Been TTC since jan 05 with no luck.  Have a previous history of endometriosis so GP referred us fairly early to the consultant.  Have had a barrage of blood tests etc and a pelvic ultrasound.  All indicate that I am ov ok but my FSH levels are too high. They cant tell if my tubes are blocked from the endo so am on a waiting list for a laparoscopy. 

Got the shock news on Sat that we need to have IVF!

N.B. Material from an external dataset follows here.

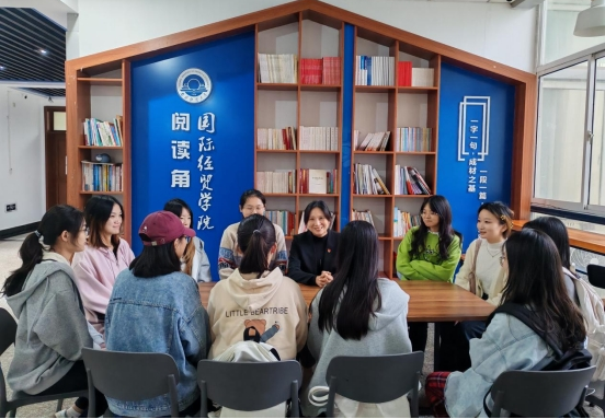 政治辅导员、副院长徐圆在阅读角与同学们交流探讨

Am still quite numb really.  Not sure how to handle it all.  Trying to get an appointment to see a counsellor as its all really messing with my head!
xx


----------



## DizziSquirrel (Feb 15, 2005)

and Welcome to FF katzta 

I understand that hearing the words IVF for the first time can be very  but you are in fact one of the lucky ones to have found FF so early on in your journey,
There are many members going through their first IVF too and the support for each other is amazing.
Seeing a counsellor is a very good thing, I hope you get an appointment soon, 
please take some time to mooch around the message boards and post where you feel able, 
if you need any help just post here OK, I am sure you will get a few more replies before the day is out too 
Wishing you some   &  for your dreams to come true.
~Dizzi~


----------



## katzta (May 1, 2006)

Thanks Dizzi!

I just dont know what I should be feeling, or doing!  I feel like my life has ended!  This isnt how its supposed to be.  Part of me wants to give up but I know if i do that then i wont get the baby I so long for.  I am also scared I am pushing my hubby away.

I dont know if the counselling will help but at the moment I am willing to try anything!  I am taking a pre natal supplement inc folic acid, and having reflexology treatments.  Hubby is taking zinc and I am taking my temps.  I have given up with OPK's as I never got a + result with them and it just added to the pressure!

OH yes and the worst of all - my sister in law is about 14 weeks pg!  She announced it the day we went up to tell them we were having problems and needed their support!  Thats another thing I just cant cope with and I have been avoiding her as much as possible.
xx


----------



## DizziSquirrel (Feb 15, 2005)

Oh hunni - I really understand 
Thinking feeling and doing added to pg people makes this so much harder  there is no right way of dealing with any of it, you have to be true to yourself and if you can go and see your SIL or talk on the phone or email, to say that you are in an emotional place right now, and while you hope her PG is a happy healthy one, you feel to raw at the moment to enjoy it with them.
then take it one day at a time.
I have been TTC for 15 yrs each and every friend SIL and BIL has at least 2 kids now, I am fine once they are born its the being PG that upsets me most, 
your life hasn't ended its just taken a new turn round a sharp bend!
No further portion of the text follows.